Add Don Dodge to the list of people who have swooned over the concept of a specific reader for a newspaper to the point where they just don't get it - he says this in response to Scoble, who had the same questions I did:
Newspapers and magazines have very powerful brands. Part of that brand is the look and feel or presentation of the information. The layout, the font, the headlines, and the advertising are all part of the reading experience. The newspapers and magazines want to replicate the news reading experience on line. Sorry Robert, but you can't do that with an RSS reader.
These News Readers will download the whole newspaper or magazine to your laptop or PDA within a couple minutes. Then you can read it at your leisure on the plane, bus, taxi, or where ever you are. No need for an Internet connection, and no need to scroll through hundreds of individual RSS feeds.
That's true. The trouble is, it doesn't matter, either. With an RSS reader or a web browser, I can read any news content I want, anywhere. With this reader, I can read the content for exactly one newspaper, period. What if I think to myself "well, that's what the Times thinks; I wonder what the WaPo has on it?" In Don Dodge's world, I download a second reader (and another for every paper I ever want to read). In mine, I use a single piece of software.

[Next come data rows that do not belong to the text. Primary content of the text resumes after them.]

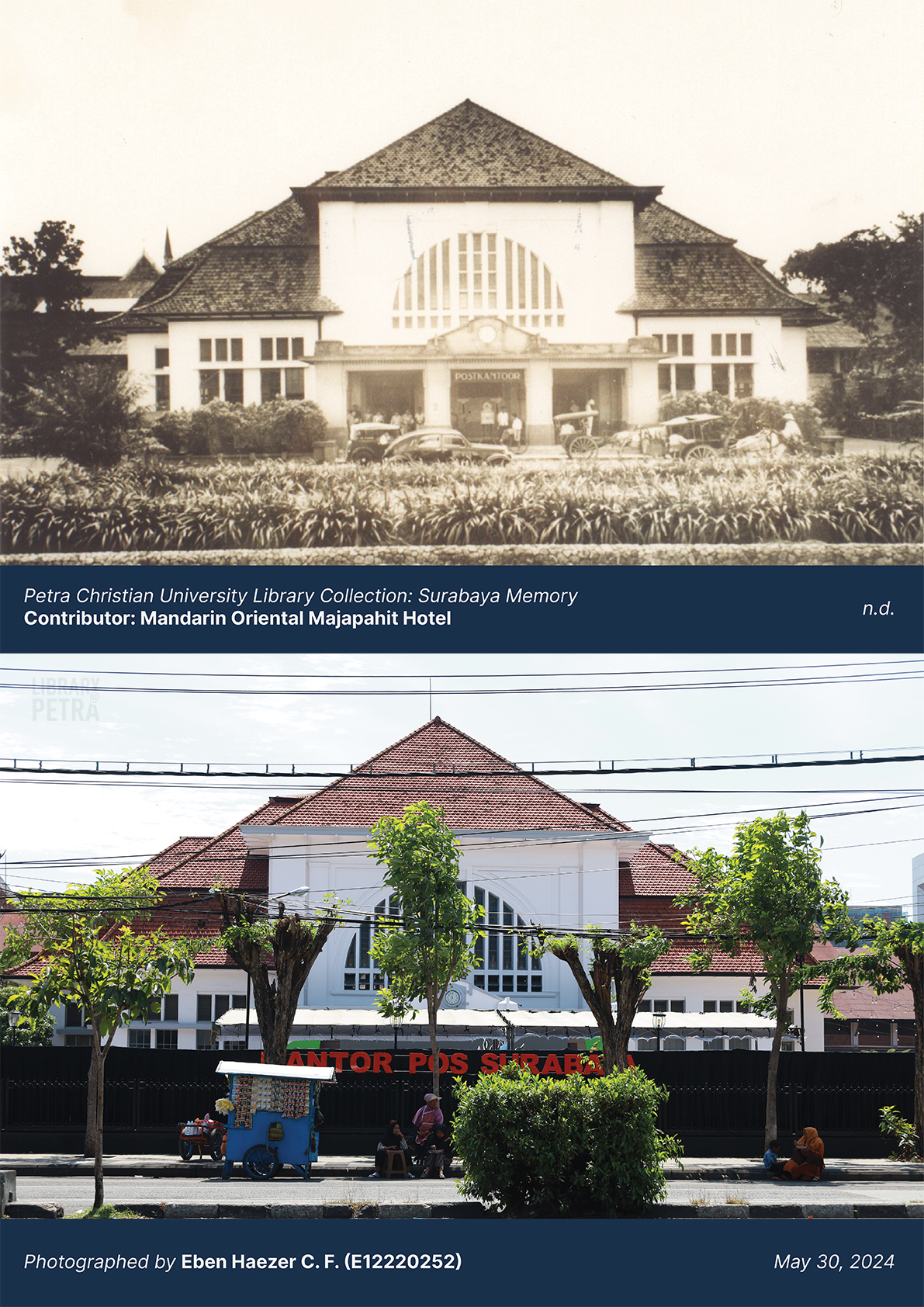 Lokasi yang kini berdiri Kantor Pos Besar Surabaya, awalnya merupakan pusat Kabupaten dan menjadi Dalem Bupati Surabaya sampai tahun 1881. Sebelumnya, abad 15 sampai dengan 18, Surabaya adalah suatu kerajaan yang bersama-sama dengan kerajaan kecil lainnya di Jawa Timur melawan ekspansi Mataram, tetapi kalah. Pada pertengahan abad 18 Surabaya yang telah berstatus kadipaten, kekuasaan di pecah oleh VOC menjadi kadipaten kesepuhan dan kadipaten kanoman. Dari sinilah sejarah kekuasaan kadipaten di surabaya berakhir. Selanjutnya tahun 1881 1912 gedung ini ditempati oleh HBS (Hoogere Burger School) Soerabaia (setingkat SMA kemudian dipakai untuk Hoofd Comisariat Van Politie atau Kepala Komisariat Surabaya. Hingga kini bangunan yang bergaya kolonial yang disesuaikan dengan iklim setempat ini masih kokoh. Ciri khas yang dimiliki bangunan ini adalah adanya lubang ventilasi yang di perlihatkan sebagai elemen arsitektur yang menarik dengan bentuk lengkungan. Selain itu tampak bangunan yang simetri membuatnya menjadi lebih monumental
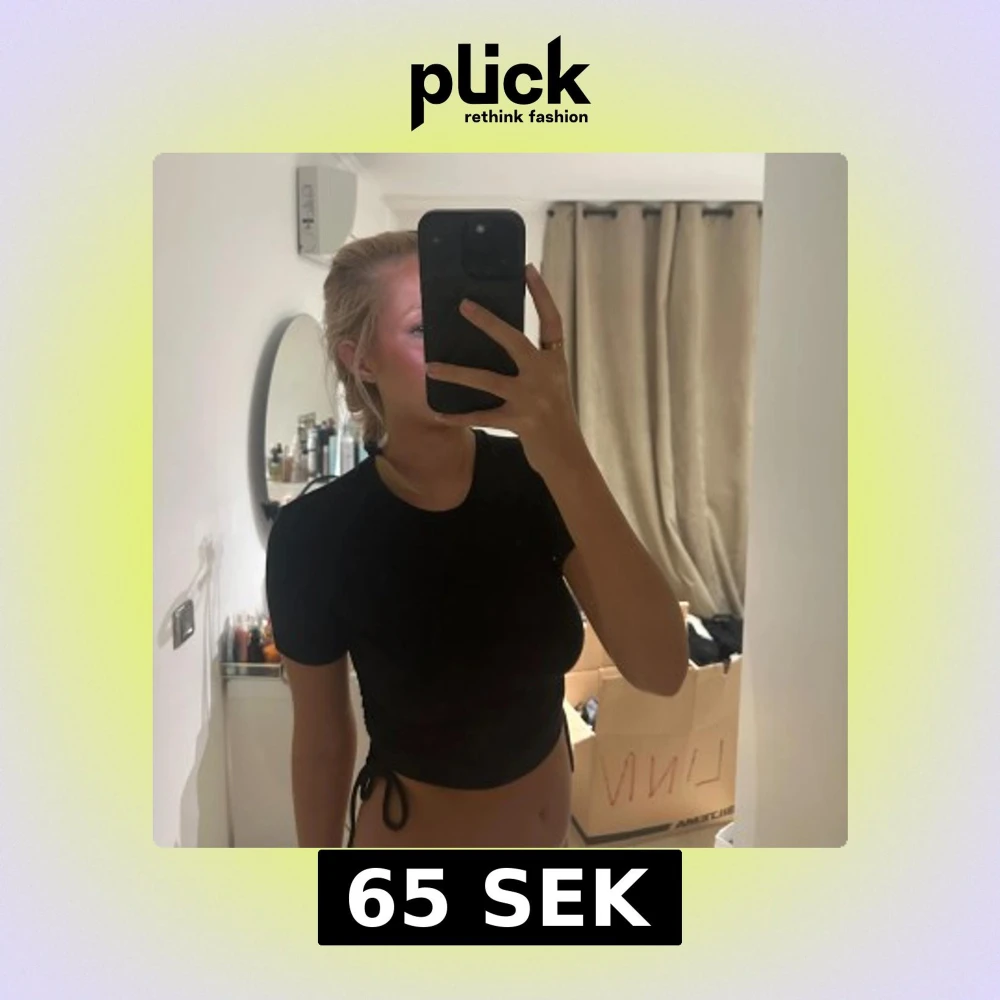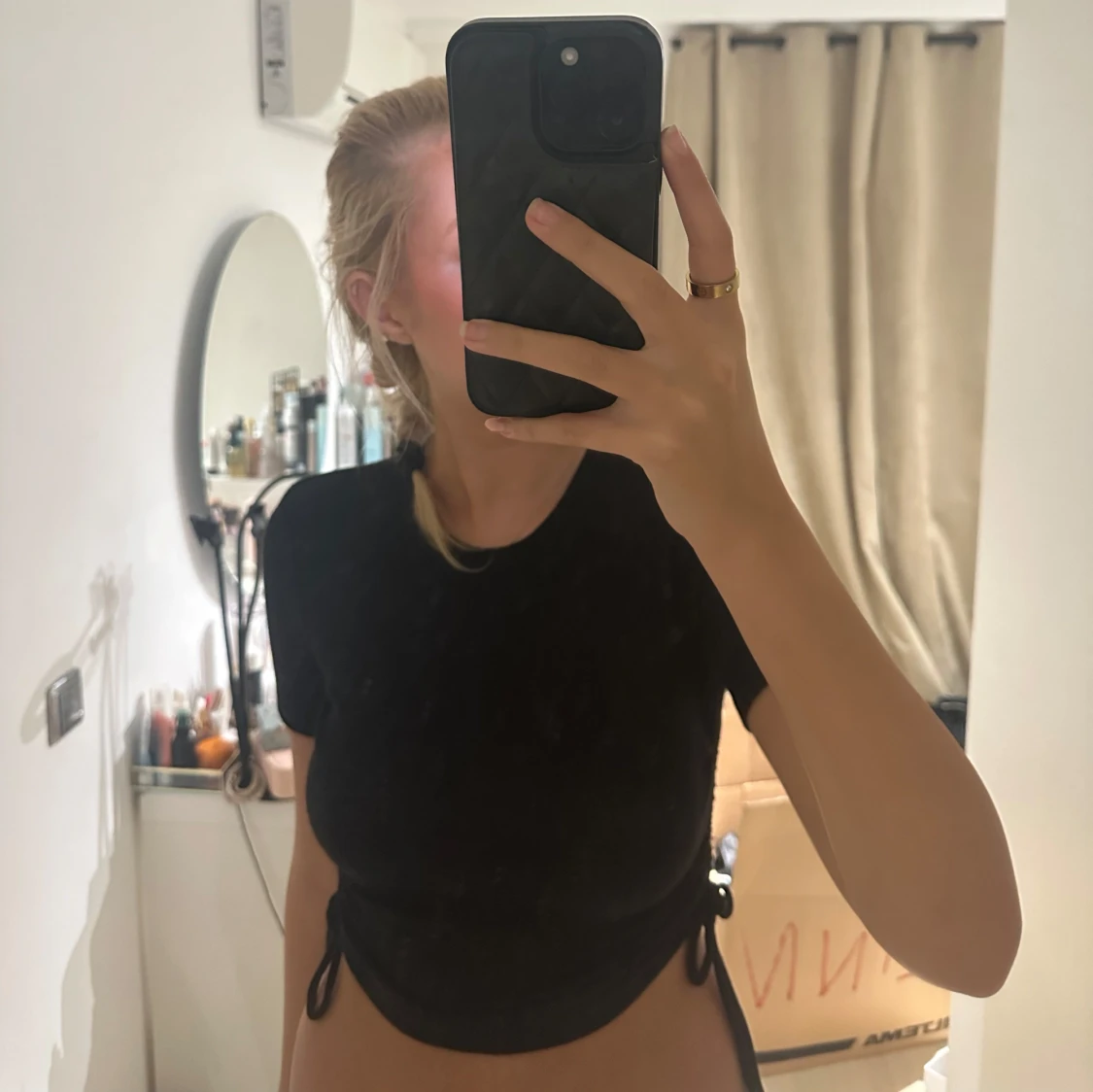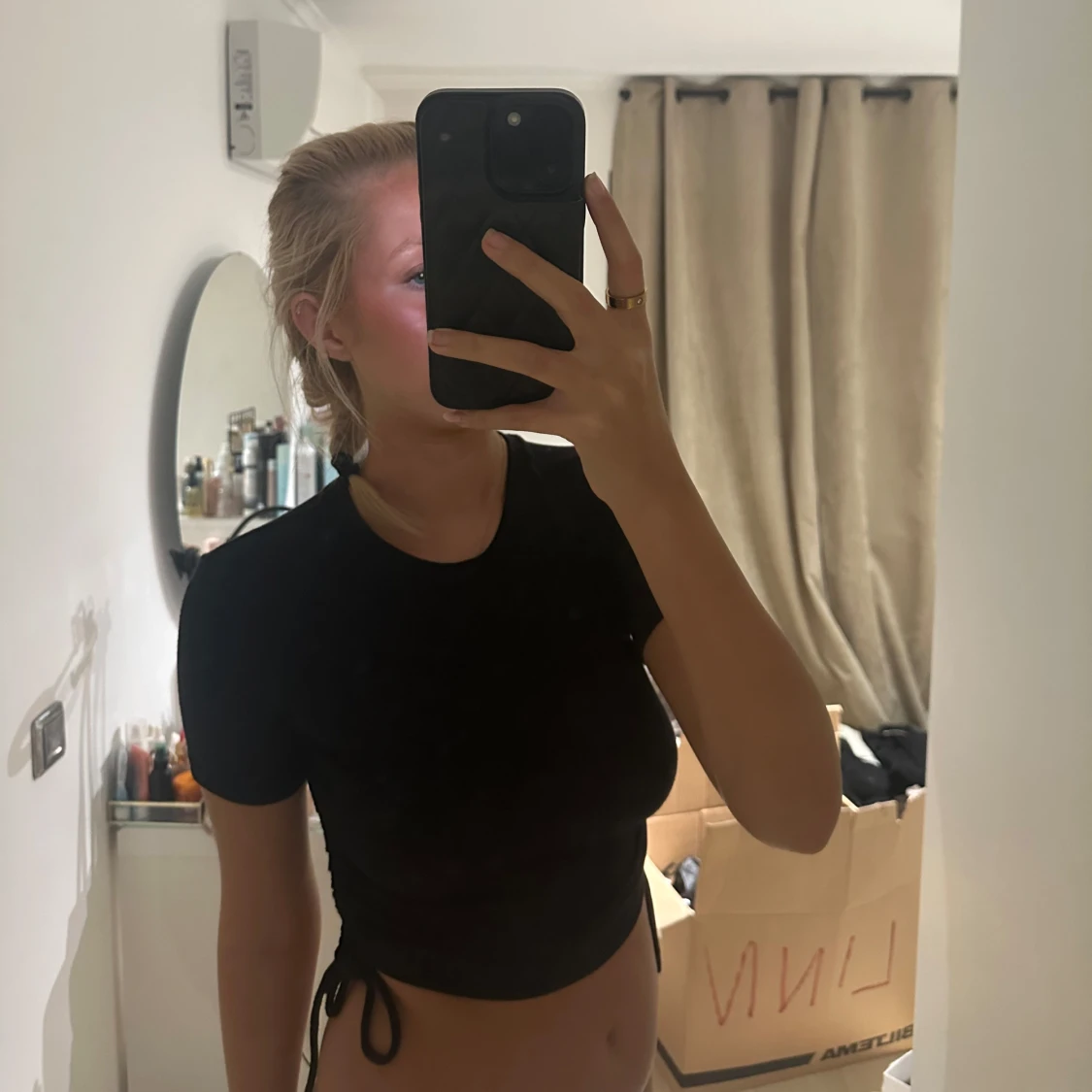 Säljer en svart kortärmad topp med dragsko i sidan. Där man själv kan välja hur kort eller lång man vill att toppen ska vara. Perfekt för en stilren look. Från Zara
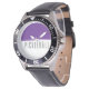 Uhr, Kinderuhr aus Edelstahluhr mit lila Lederarmband
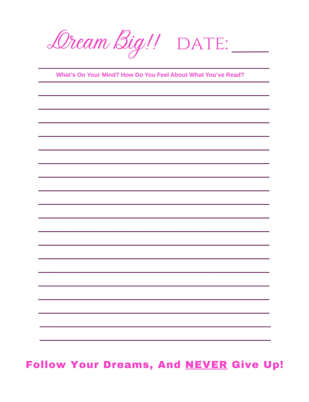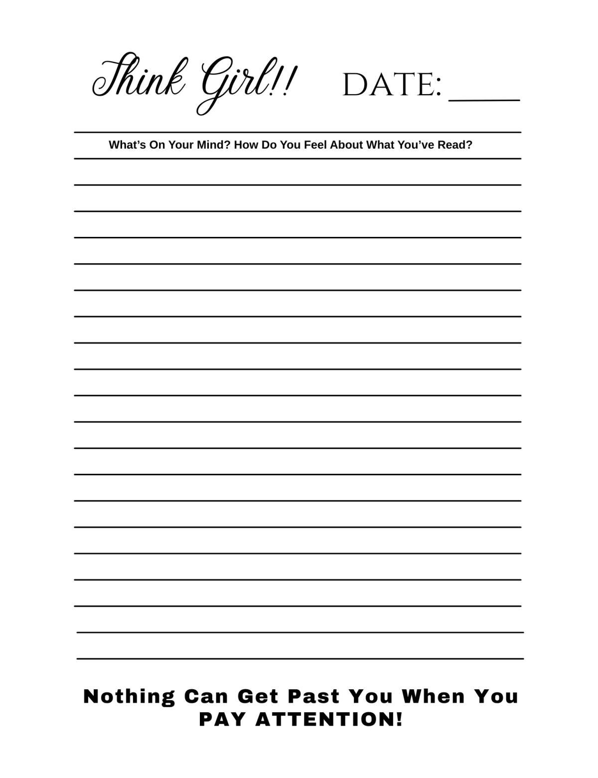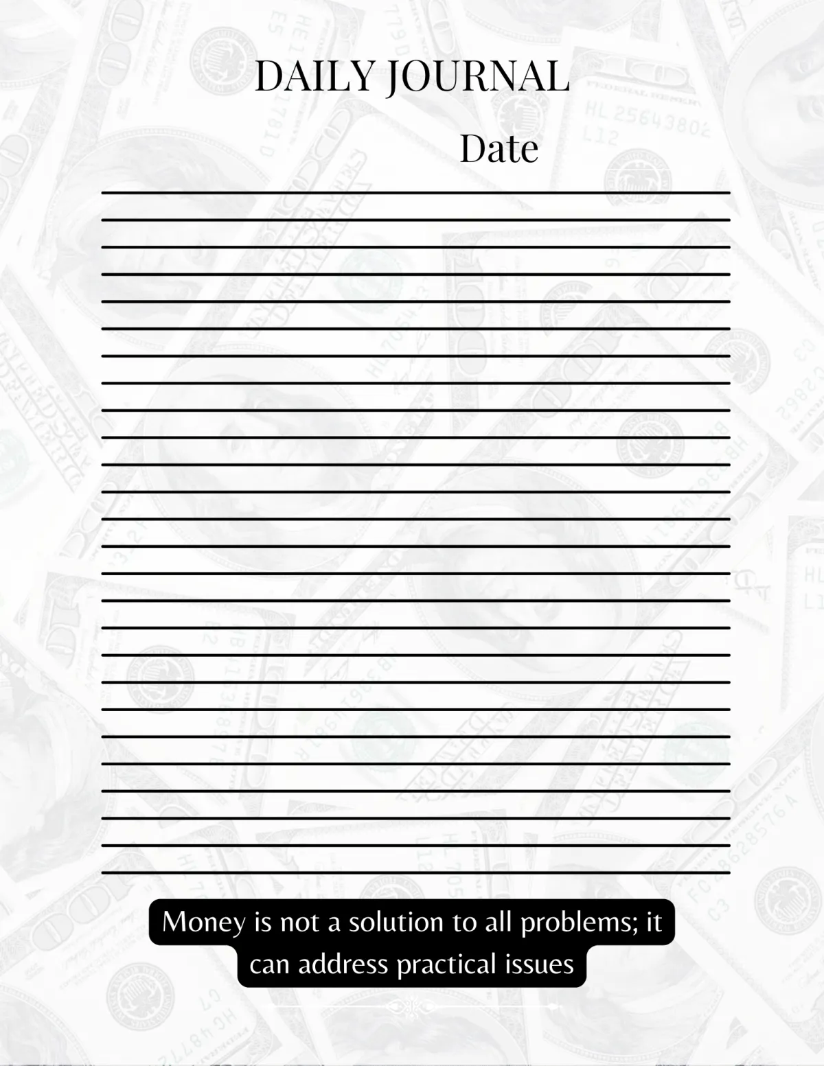 Multi-lined journal spaced pages for vent writing and further stress relief.

If the people behind this want a snowball's chance in heck of getting anywhere, then they'll need to define a common format that works across newspapers, and support it. They'll also have to figure out how to support that software, and convince people to use it instead of the tools they already have. Gee, there are even two formats out there that do this already; go figure.
Pretty doesn't matter here, as Matthew Ingram noted.